SK Group chairman Chey Tae-won said the AI industry is not in a bubble but warned AI stocks have risen "too fast and too much" and could face corrections as valuations overshoot fundamentals. SK Hynix, a key supplier of high-end memory for Nvidia-powered AI data centers, has surged 214% over the past year, reported a record quarterly profit in October and says its chip production for next year is fully booked as it expects an extended chip "super cycle" amid trillions of dollars invested in AI data centers.

Analysis

Market structure: The immediate winners are memory suppliers (e.g., SK Hynix 000660.KS) and GPU leader NVDA, plus hyperscalers (AMZN, GOOGL, MSFT) buying capacity; losers are highly valued AI application/software names that rely on multiple expansion rather than cash flow. SK Hynix’s “sold out” guidance implies pricing power in DRAM/HBM for ~12–18 months, supporting chipmakers’ margins even if AI equities mean-revert.
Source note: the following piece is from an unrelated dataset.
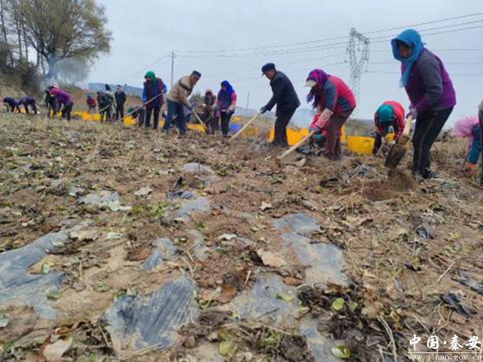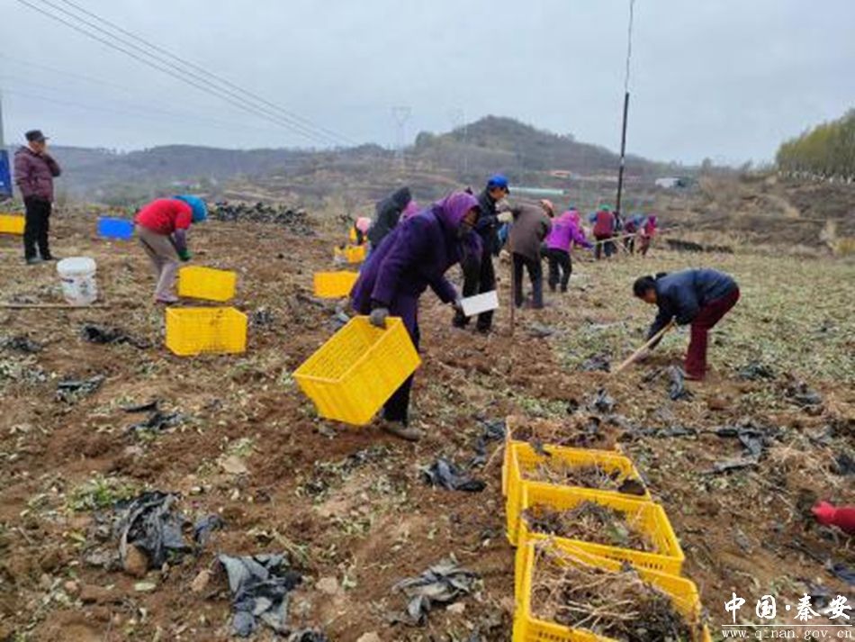 初冬季节,正是中药材冬花收获时节,走进秦安县中山镇蔚文村冬花示范种植基地,映入眼帘的是一派丰收繁忙景象,基地各地块人头攒动,车辆来回穿梭,中药材种植大户和周边群众忙着采挖采拾、装车转运,采收现场有条不紊,在完成田间地头初步处理环节后,一车车冬花被送到加工车间,再进行筛土、分拣、烘干包装。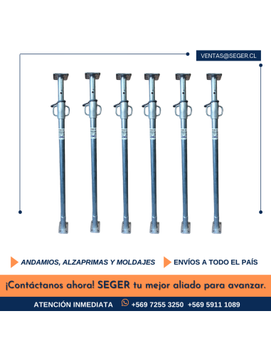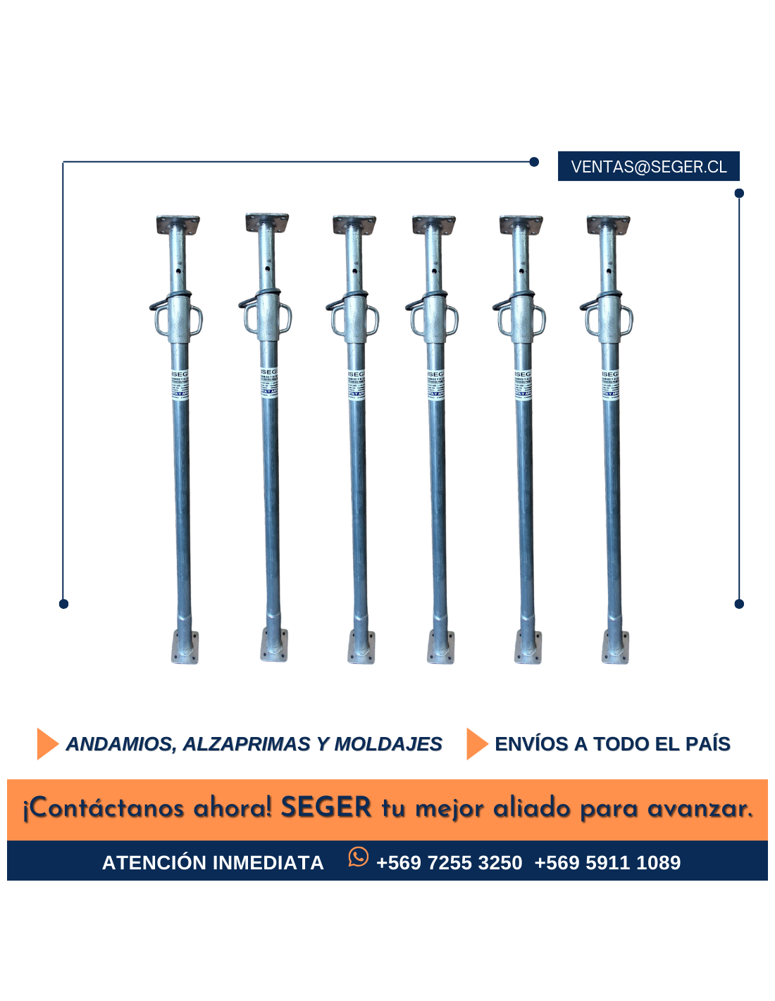 Puntal telescópico de acero galvanizado, fabricado con tubo exterior de 56mm y 48mm. Base de 5 mm o 6 mm de espesor según sea el caso. Las alzaprimas, también conocidas como puntales de construcción, se utilizan para el apuntalamiento y soporte de estructuras en construcción, como losas, muros, vigas y encofrados.

Cross‑asset: a material correction in AI equities would likely spike equity volatility, bid U.S. Treasuries (yields ↓) and strengthen safe‑haven FX; commodity demand (power, copper) for data centers supports energy/utilities for quarters. Risk assessment: Tail risks include new export controls (China/Taiwan/US) or rapid software efficiency gains that reduce HBM demand, any of which could cut revenues by 20–40% for memory makers within 12–24 months. Short term (days–weeks): profit taking and higher IV around earnings; medium (3–12 months): capex cadence and DRAM price indices will drive realized revenue; long term (2–4 years): overcapacity risk if suppliers ramp production, potentially reversing today’s premiums. Hidden dependencies: hyperscaler procurement timing and Nvidia architecture changes (HBM requirements) are single‑point risks. Trade implications: Tactical longs in hardware (SK Hynix, NVDA) should be size‑controlled and hedged; expect using 3–6 month protective puts or call spreads during earnings windows. Relative trades: long memory/manufacturing exposure versus short high‑multiple AI software names or thematic ETFs to capture mean reversion. Rotate 3–5% from long-duration growth into data‑center capex beneficiaries (semicap equipment, power infra, DLR) over the next 1–3 months. Contrarian angle: Consensus fear of an AI “bubble” underestimates near-term memory scarcity — price premium may persist 12–18 months, so buying selective hardware on disciplined pullbacks (15–25%) is justified. Conversely, the market may be underestimating a 24–36 month oversupply shock; therefore avoid one‑way levered bets and use option hedges or pair trades to capture asymmetric outcomes.